▸ **Dataset section**:
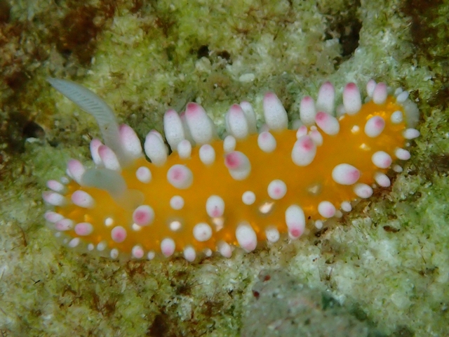 突起の先端はピンク色、触角、二次鰓は白色です。
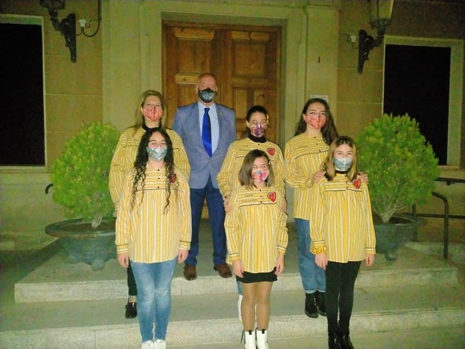 Nuestras falleras mayores de Elda Nahia y Eva, sus damas de honor Ainhoa, Ariadna, Susi y Ainara y el presidente de Gestora Fernando Álvarez, también estuvieron presentes y disfrutando de los fuegos artificiales que se lanzaron la noche del sábado con motivo del medio año fallero
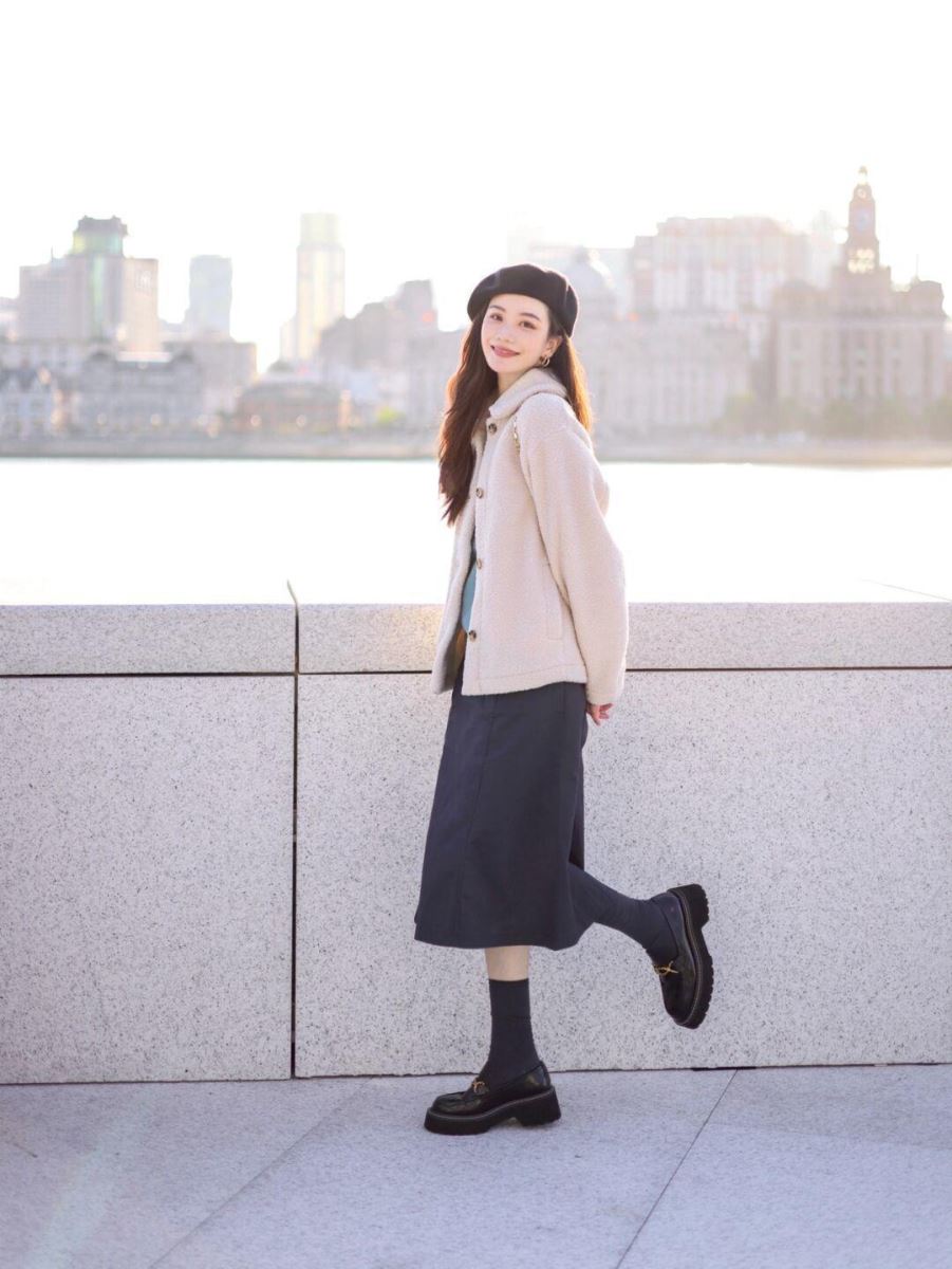 Áo khoác lông cừu ngắn có thể mix cùng chân váy và giày lười giúp bạn ghi điểm thời thượng.

▸ **About this exercise**:
Every line above should be printed again word for word, without its pictures.

▸ **Solution to this exercise**:
 突起の先端はピンク色、触角、二次鰓は白色です。
 Nuestras falleras mayores de Elda Nahia y Eva, sus damas de honor Ainhoa, Ariadna, Susi y Ainara y el presidente de Gestora Fernando Álvarez, también estuvieron presentes y disfrutando de los fuegos artificiales que se lanzaron la noche del sábado con motivo del medio año fallero
 Áo khoác lông cừu ngắn có thể mix cùng chân váy và giày lười giúp bạn ghi điểm thời thượng.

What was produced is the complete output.